Methane yields from Brahman cattle fed tropical grasses and legumes
P. M. Kennedy A and E. Charmley A BA CSIRO, Livestock Industries, JM Rendel Laboratory, Ibis Avenue, Rockhampton, Qld 4701, Australia.
B Corresponding author. Present address: CSIRO, Livestock Industries, Australian Tropical Sciences Innovation Precinct, James Cook Drive, Townsville, Qld 4814, Australia. Email: ed.charmley@csiro.au
Animal Production Science 52(4) 225-239 https://doi.org/10.1071/AN11103
Submitted: 10 June 2011 Accepted: 7 December 2011 Published: 15 March 2012
Abstract
In the national greenhouse inventory, methane emissions from the Australian tropical beef herd are derived from cattle fed two diets. In the experiments reported here, methane production was measured by open-circuit gas exchange from 13 Brahman cattle offered 22 diets from combinations of five tropical grass species and five legumes, with a minimum of three steers per diet. All diets were offered daily ad libitum, with the exception of three legume diets fed without grass and leucaena (Leucaena leucocephala) mixed with grass, which were offered at 15 g dry matter per kg liveweight. Diets were fed as long-chopped dried hay, with the exception of leucaena, which was harvested and fed within 2 days. For the data from cattle fed diets of grass and grass mixed with legumes, methane production could be predicted as 19.6 g/kg forage dry matter intake (residual standard deviation 12.3). Observed methane yields were not predictable from a stoichiometry, which used volatile fatty acid proportions in rumen fluid. Mean methane emission rates across all diets were equivalent to 8.6–13.4% of digestible energy intake, and 5.0–7.2% of gross energy intake.
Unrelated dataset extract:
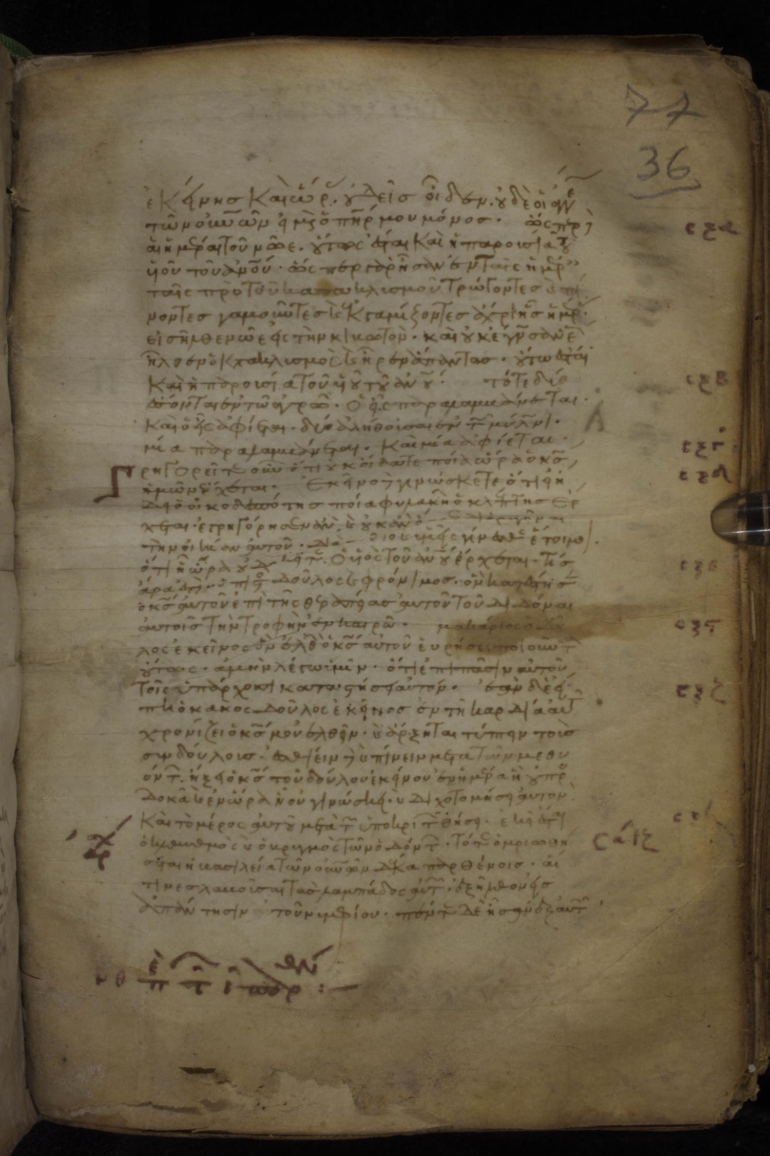 Eleventh century minuscule of the Gospels, the Apostolos, and Paul on parchment; 318 leaves, 1 column, 34 lines per column. Images were taken at the National Library of Greece in Athens.
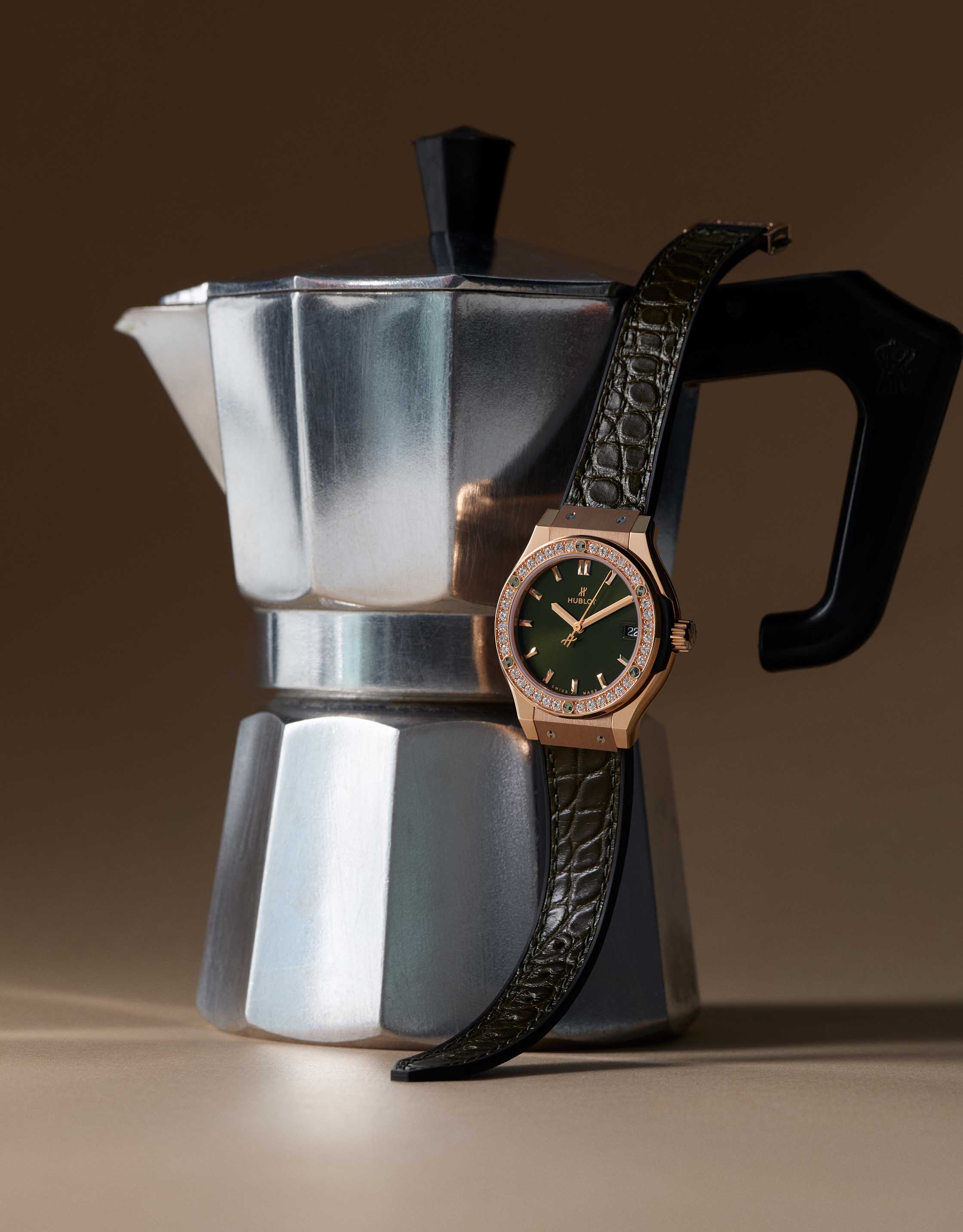 Deep-forest green and rose gold is a combination you might not have known you needed – until now. By introducing this unusual colour combination, Hublot manages to temper the industrial edge of its angular Classic Fusion case (with visible screw heads) and make it feel softly luxe. The depth of the verdant sunray dial and rubber strap is complemented by the soft-focus satin finish on the gold, and a simple, clean ring of brilliant diamonds on the bezel, ensuring calm confidence.

The latter values are comparable to IPCC (2006) recommendations (5.5–7.5%) for large ruminants fed low-quality crop residues and by-products. Methane yields per unit of ingested dry matter or digested organic matter were variable across diets but were related to digestibility and contents of fibre and protein. These results constitute a significant downward revision of the methane emissions attributable to the northern Australian beef herd grazing tropical pastures.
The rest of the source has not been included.